* Your task: From the line that contains "Marriage License and" down to the last line of the data below, restate every line word for word, skipping any images.

* Given information:
━━━━━━━━━━
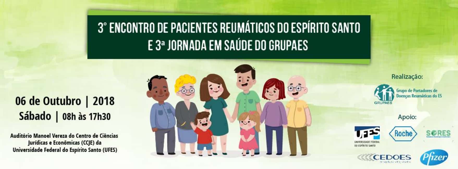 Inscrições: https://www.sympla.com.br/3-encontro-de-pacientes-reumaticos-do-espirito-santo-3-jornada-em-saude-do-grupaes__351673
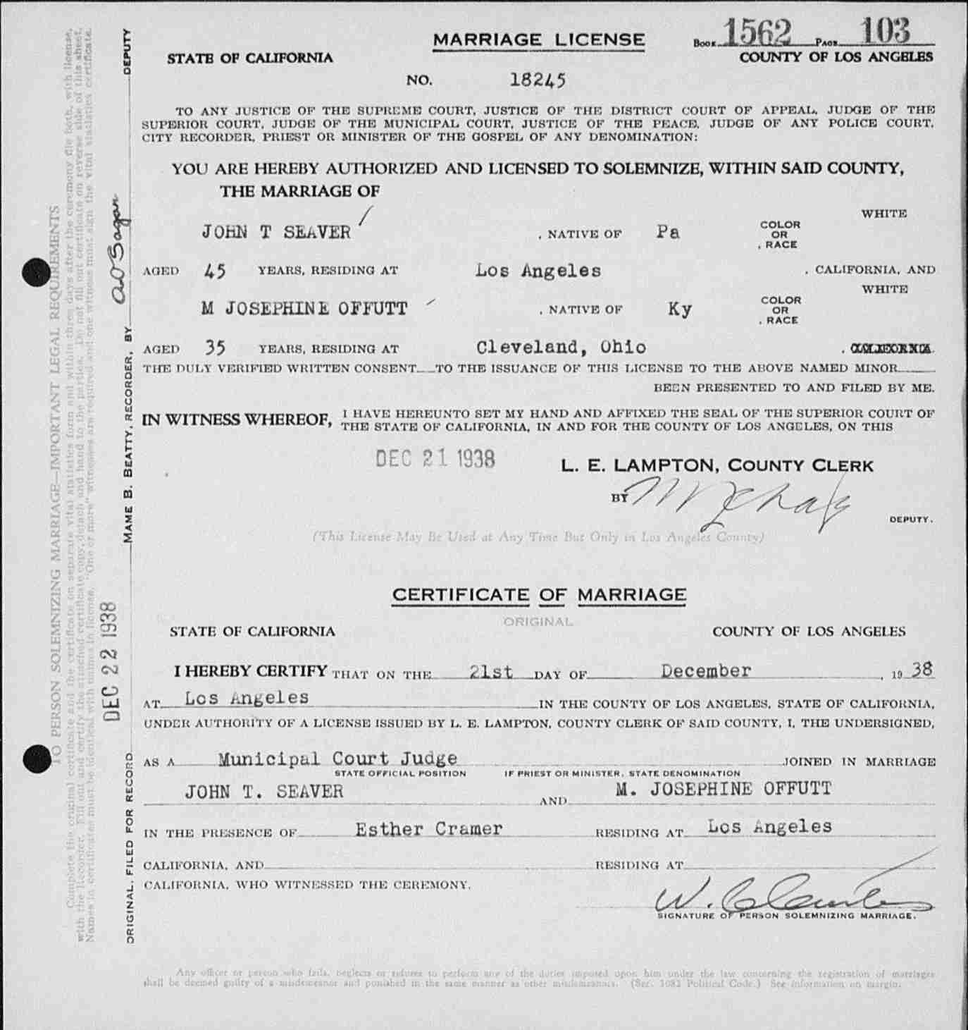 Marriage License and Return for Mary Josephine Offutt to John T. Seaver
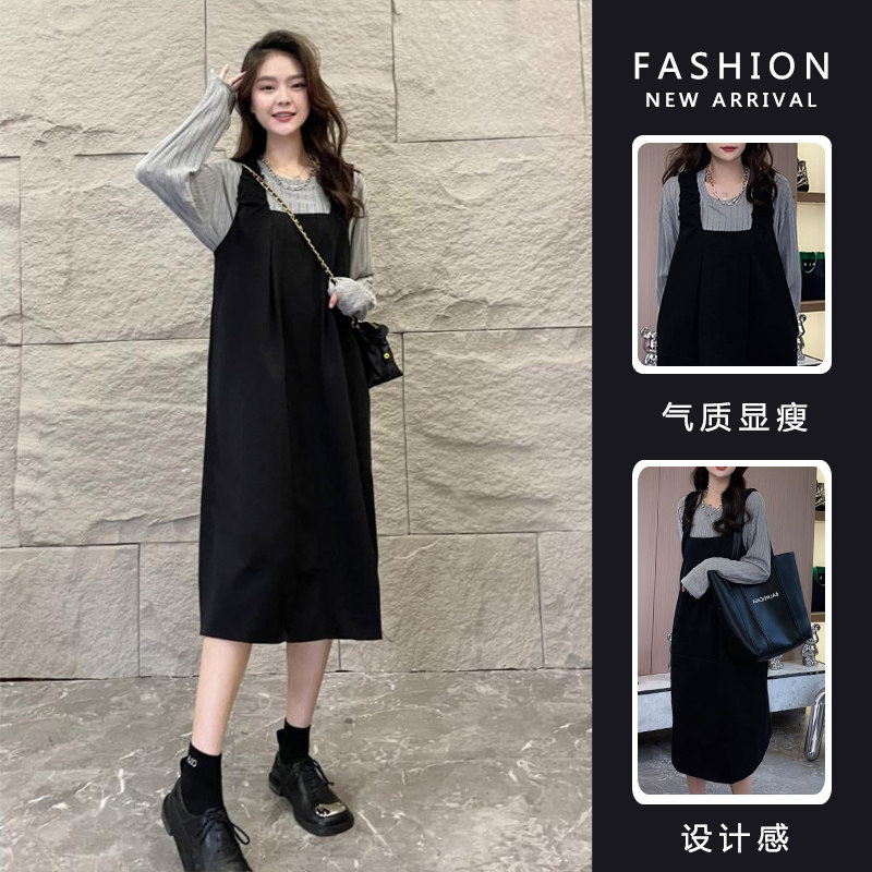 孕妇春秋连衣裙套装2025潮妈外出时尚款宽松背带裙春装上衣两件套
━━━━━━━━━━
* Solution to the exercise:
 Marriage License and Return for Mary Josephine Offutt to John T. Seaver
 孕妇春秋连衣裙套装2025潮妈外出时尚款宽松背带裙春装上衣两件套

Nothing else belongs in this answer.